I hedged with may and could because this theoretical attacker who somehow gained access to your 1Password sign-in details would know your email address, Secret Key, and account password (at minimum). Anyone with the ability to gather that much sensitive intel is unlikely to see an authenticator as much of a challenge. And, to my knowledge, there’s no authenticator app or password manager on the market that can safeguard data on a compromised device.
So, I’ve addressed 1Password and authenticator apps but does any of this information matter when neither option offers true 2FA?
It takes two
I’ll explain why it matters.
We established that a true second factor is a device other than the one used to store your password — it might be a Yubikey, Titan, or an old device you use primarily for authentication. But that fact is secondary (appropriately) to a more important message:
There’s no wrong way to increase account security.
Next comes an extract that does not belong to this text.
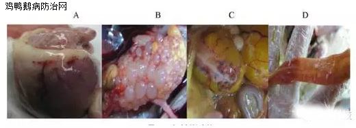 A心肌表面点状出血;B、C卵泡充血、出血、变性、萎缩;D肠道点状出血

For every person who’s unwilling to storing their TOTP in 1Password for fear they’d keep all their (secret) eggs in one basket, there’s another person who decides to store their TOTP in 1Password in an effort to decrease their personal attack surface. 2
Storing your TOTP in 1Password rather than a separate app is a perfectly safe and reliable option. You’ll perform 2SV rather than 2FA, and those two steps will be faster and easier with your passwords and TOTP stored together — especially when 1Password is set up to fill TOTP automatically. The convenience will usually outweigh the fairly negligible amount of security that may be sacrificed.
The correct choice is the one that works best for you.
For the majority of people, storing TOTP in 1Password is well within their risk tolerance. There will always be those of you who will trade that convenience because you want or require the added protection of true 2FA. And to those faithful hardware key crew members: Think of your true second factor as less “extra layer of security,” and more granular protection that will apply only if you’re subject to certain forms of attack.
Security guidance is largely straightforward — X is bad, do Y instead — but two-factor security is a rare case in which the correct choice is the one that works best for you. It’s not the mechanism that matters. When 2FA is enabled, your account is safer, and that is 2FA the right way.